Женщина, которая так умело стелет постель и знает, что больную ногу следует держать на возвышении... Мужчина, стоящий без пиджака и смывающий мылом кровь с рук в резиновых перчатках... Сиделка и хирург. Типы, узнаваемые во всем мире не по лицу или фигуре, а по поведению, и постоянно ассоциирующиеся со смертью. Больничная сиделка в роли служанки... Один из «блестящих» континентальных хирургов, которых убитые горем родственники всегда предпочитают слишком знакомым семейным врачам, появившийся без предупреждения, чтобы произвести маленькую дополнительную операцию на заштопанном кошмаре, некогда бывшим человеческим лицом и спешащий вернуться домой засветло... Вульгарная Сара Гэмп{26} и кроткий маленький беженец из нацистской Германии...
— Но почему вы не рассказали мне? — спросила Катинка. — Неужели вы не могли мне довериться?
— Довериться вам? — отозвался Карлайон. — Едва ли. Непоправимый вред, который вы причинили, доказывает, что мы были правы — не так ли, мисс Джоунс? — Он подтолкнул ногой тлеющее полено, торчащее из очага. — Вы как с неба свалились с явно выдуманной историей о какой-то девушке — не помню, как ее имя, — назвавшись мисс Джоунс, а не мисс Браун или мисс Робинсон для разнообразия. Я с первого взгляда понял, что вы журналистка. А как только вы вышли из комнаты, инспектор Чаки подтвердил мое мнение, и с тех пор нам не представлялось случая его изменить.

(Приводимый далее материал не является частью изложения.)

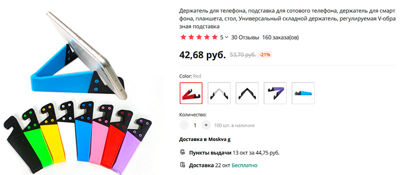 Это я для себя искал (разговаривать по видеосвязи и смотреть кино в дороге), наверняка еще кому-нибудь пригодится - ультракомпактная подставка для смартфона/планшета. В сложенном виде места почти не занимает. Подходит даже для десятидюймовых планшетов. Пять видов цветов.

Инспектор Чаки! Катинка с трудом удержалась, чтобы не крикнуть: «Но ведь он тоже журналист и проник сюда, воспользовавшись моим приходом». Однако, как сказал Чаки, «и у воров есть законы чести».
— Да, я журналистка, — пробормотала она, — но не такая, как вы думаете. Я не репортер.
— Не репортер?
— Я была им, но сейчас работаю в женском журнале. Чего ради мне здесь шпионить?
— В женском журнале! повторил Карлайон. Он стоял спиной к камину, сунув руки в карманы старого твидового пиджака и презрительно пожимая плечами. — Можно ли представить себе более лакомое блюдо для женского журнала? Хорошенькая девушка, недавно замужем, в один момент лишается красоты, счастья и всего, что может иметь для нее значение, превратившись в отвратительное чудовище даже для тех, кто ее любит и жалеет! Самая подходящая добыча для акул пера, самая подходящая жертва, которую мисс Джоунс может подать на блюдечке своему паршивому журнальчику! — Когда Тинка подняла голову, чтобы протестовать, он снова пнул полено с такой яростью, что искры посыпались на шелковый ковер. — Не понимаю, как вам удалось о ней пронюхать. Хотя вы ведь расспрашивали деревенских жителей, не так ли? Помню, вы упомянули, что говорили с ними о Дее Джоунсе Трабле — очевидно, вы беседовали не только о нем. Но он и миссис Лав получили указания не отвечать ни на какие вопросы и говорить, что в доме нет никого, кроме нас троих. Нам оставалось только отрицать вашу нелепую историю и поскорее вас выпроводить. Но мы не рассчитывали, что вы проберетесь в дом снова. Должен признаться, мисс Джоунс, вы едва меня не провели. Когда я увидел вас сидящей у валуна под дождем... — Он оборвал фразу. — Должен поздравить вас с вашими актерскими способностями — вам почти удалась ваша безнадежная затея.
— Но вы отлично знаете, что я действительно повредила лодыжку! — негодующе воскликнула Катинка. — Миссис Лав может подтвердить, что она сильно опухла.
— Очевидно, вы пошли на многое, чтобы достичь ваших целей.
— И каковы же были мои цели, позвольте спросить?
— Вы хотели вернуться в этот дом, не так ли?
— Ах да, я все время знала, что вы так думаете.
— Конечно я так думал. Вы почуяли сенсационный материал для статьи и хотя позволили себя выставить, нашли способ вернуться назад. Но так как я не был в этом уверен, то расставил вам ловушку. Я сказал, что в «Пендерине» нет телефона — ведь это не Флит-стрит, а вы и глазом не моргнули, потому что для вас это место повседневной работы. Значит, вы журналистка.
— Повторяю: я журналистка, но не такая, как вы думаете.